First weekend with SS
Forums:
I'm spending my Friday night on this site because I'm SUPER frustrated...
BM has decided to allow US to take SS4 to visit his grandparents this weekend (OOT). We received this gem today. We're leaving tomorrow. She has not allowed SO to keep him overnight in almost 2 years. I also haven't laid eyes on this child in almost 2 years. Long story...
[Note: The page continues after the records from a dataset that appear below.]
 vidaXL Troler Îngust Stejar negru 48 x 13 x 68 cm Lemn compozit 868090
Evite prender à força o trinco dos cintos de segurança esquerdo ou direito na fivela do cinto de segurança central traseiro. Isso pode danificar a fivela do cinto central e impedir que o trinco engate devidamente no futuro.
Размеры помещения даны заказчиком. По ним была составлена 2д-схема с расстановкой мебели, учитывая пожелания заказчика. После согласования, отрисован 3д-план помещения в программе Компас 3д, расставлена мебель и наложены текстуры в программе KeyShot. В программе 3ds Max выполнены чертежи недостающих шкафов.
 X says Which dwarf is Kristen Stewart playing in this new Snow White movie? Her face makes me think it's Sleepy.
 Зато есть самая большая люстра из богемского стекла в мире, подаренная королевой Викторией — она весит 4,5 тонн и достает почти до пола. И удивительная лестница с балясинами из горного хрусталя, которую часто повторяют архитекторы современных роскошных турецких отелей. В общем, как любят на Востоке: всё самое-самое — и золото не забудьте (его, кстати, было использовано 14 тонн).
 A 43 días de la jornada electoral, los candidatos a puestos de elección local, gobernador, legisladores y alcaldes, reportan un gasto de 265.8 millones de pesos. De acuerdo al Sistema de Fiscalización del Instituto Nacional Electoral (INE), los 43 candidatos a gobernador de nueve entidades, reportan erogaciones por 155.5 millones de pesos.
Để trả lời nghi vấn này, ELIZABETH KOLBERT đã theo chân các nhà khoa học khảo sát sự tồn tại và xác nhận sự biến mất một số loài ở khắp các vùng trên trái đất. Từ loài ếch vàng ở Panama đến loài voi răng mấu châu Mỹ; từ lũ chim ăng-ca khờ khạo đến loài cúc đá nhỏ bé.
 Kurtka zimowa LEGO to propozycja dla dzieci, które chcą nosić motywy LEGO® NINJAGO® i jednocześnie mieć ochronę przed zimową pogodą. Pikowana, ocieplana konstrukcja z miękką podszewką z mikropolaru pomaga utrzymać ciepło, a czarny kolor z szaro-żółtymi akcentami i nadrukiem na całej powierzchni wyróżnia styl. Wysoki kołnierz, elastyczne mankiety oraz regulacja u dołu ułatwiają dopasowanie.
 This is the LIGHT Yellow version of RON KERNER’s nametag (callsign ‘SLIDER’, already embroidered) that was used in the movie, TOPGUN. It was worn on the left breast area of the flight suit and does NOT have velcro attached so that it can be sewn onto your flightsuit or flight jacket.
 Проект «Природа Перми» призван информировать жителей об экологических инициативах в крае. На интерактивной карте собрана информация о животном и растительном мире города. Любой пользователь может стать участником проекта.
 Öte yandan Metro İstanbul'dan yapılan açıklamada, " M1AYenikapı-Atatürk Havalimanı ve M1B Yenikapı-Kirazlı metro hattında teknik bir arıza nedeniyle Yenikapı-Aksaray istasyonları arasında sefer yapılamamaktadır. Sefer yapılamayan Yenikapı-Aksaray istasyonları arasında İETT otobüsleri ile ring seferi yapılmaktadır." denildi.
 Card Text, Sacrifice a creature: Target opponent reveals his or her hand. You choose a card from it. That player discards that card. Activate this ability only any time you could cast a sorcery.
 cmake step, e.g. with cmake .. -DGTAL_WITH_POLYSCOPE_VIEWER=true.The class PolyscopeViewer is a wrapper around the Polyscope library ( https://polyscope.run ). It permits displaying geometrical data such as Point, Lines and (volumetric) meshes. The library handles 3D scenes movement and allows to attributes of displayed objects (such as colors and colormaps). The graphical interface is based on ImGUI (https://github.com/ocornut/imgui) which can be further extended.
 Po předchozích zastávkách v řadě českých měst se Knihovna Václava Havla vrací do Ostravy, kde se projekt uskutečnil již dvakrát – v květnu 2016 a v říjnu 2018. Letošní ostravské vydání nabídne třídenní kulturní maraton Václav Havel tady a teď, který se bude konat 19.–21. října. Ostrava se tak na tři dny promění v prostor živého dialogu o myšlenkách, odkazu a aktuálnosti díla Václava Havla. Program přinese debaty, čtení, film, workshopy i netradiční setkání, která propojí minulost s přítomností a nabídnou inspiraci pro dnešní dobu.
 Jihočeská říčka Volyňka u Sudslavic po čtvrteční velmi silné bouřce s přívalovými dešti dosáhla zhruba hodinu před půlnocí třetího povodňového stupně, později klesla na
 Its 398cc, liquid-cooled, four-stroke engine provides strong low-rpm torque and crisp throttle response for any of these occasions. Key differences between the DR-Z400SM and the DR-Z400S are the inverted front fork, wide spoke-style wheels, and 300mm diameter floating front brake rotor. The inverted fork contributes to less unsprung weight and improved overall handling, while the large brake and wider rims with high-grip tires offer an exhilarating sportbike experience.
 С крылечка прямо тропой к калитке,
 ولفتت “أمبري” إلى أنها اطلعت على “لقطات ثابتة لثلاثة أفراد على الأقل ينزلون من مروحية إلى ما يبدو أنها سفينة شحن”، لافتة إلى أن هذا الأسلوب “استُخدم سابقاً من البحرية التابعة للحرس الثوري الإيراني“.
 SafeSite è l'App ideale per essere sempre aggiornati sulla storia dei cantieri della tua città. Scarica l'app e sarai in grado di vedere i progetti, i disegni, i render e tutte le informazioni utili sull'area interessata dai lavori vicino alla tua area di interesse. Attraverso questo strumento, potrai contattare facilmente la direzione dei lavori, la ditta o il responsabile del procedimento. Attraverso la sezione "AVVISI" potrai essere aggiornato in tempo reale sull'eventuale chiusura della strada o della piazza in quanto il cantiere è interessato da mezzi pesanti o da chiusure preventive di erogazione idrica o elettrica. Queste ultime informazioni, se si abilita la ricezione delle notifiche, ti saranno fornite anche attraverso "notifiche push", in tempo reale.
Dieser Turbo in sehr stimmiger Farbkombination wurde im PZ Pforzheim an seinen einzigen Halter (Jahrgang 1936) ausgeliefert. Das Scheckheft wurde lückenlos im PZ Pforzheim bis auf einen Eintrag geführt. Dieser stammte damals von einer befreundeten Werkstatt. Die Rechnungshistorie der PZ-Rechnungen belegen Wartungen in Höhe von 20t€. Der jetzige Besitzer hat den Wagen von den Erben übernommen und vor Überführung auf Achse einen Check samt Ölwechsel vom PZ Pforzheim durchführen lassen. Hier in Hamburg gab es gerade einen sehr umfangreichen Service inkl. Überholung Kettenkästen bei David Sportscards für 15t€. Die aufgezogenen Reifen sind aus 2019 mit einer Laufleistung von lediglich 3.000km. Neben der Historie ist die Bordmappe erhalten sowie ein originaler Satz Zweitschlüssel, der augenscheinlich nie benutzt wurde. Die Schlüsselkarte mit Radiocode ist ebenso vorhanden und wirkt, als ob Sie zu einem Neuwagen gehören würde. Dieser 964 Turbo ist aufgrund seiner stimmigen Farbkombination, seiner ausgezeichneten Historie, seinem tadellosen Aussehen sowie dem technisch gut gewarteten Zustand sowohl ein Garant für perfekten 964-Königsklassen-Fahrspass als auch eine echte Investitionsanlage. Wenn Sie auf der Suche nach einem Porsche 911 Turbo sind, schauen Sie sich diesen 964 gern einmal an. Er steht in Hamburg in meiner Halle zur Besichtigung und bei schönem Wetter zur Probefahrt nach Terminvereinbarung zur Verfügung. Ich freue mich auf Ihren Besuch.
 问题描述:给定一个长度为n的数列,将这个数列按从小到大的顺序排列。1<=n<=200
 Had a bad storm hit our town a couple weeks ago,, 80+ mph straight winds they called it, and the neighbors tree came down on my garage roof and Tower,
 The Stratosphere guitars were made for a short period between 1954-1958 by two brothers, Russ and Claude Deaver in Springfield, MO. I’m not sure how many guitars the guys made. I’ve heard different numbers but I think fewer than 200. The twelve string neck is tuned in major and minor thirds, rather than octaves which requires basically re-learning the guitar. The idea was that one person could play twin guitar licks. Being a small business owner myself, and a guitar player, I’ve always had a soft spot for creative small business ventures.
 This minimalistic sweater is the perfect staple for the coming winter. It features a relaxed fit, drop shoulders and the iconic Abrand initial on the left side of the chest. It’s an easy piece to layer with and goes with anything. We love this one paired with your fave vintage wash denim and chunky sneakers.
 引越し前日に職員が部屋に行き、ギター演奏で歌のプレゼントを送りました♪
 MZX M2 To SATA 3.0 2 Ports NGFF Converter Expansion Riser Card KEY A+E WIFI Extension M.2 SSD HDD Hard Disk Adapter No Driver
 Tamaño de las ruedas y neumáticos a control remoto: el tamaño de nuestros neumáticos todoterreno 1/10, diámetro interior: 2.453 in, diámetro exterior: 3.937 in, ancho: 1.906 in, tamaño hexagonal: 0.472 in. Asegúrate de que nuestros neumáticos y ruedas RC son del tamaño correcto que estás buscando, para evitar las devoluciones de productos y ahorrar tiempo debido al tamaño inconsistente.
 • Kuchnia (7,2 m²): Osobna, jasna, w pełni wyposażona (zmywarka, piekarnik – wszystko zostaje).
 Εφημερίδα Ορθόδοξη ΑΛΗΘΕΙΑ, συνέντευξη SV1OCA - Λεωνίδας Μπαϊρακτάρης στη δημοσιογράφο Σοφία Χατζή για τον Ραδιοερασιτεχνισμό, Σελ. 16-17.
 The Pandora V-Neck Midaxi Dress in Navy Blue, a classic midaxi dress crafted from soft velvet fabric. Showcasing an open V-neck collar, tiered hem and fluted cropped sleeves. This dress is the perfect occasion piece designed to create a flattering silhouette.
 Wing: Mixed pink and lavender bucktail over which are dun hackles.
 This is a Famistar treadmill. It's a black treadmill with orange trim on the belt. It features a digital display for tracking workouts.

Thing is, I'm having a really hard time trying to figure out how I feel. I don't have children of my own and for the last 2 years that's the way I've been living. I want to be excited about seeing him, but I feel very awkward at the same time.
I think that feeling of
I think that feeling of awkwardness is completely NORMAL! When we have our own child we get to know them in utero and then give birth and the baby grows on our love and emotion, etc. Well you are suddenly taking in this older child that is not your bio child and you don't know how to feel. He is either going to grow on you and you'll bond with him, he will just be a kid you have to deal with once in awhile, or if you're like me in my situation, eventually this child will become your nemesis. He's not your flesh and blood so just treat him like he's a friend's kid or a nephew or something and see where is goes from there. Even I would not know what to do, it's not easy and I've even worked in day cares and had 3 of my own and babysat my 20+ nieces and nephews (yes I'm from a big family!)... it's not easy.
Thanks, I have no choice at
Thanks, I have no choice at this point but to go with it.
Thing is, when he was a baby/toddler I got to spend time with him often and loved him and it was great. Then BM spazzed and has kept him away for 2 years. I can't expect this child to remember who I was to him. We're starting from scratch and I hate that.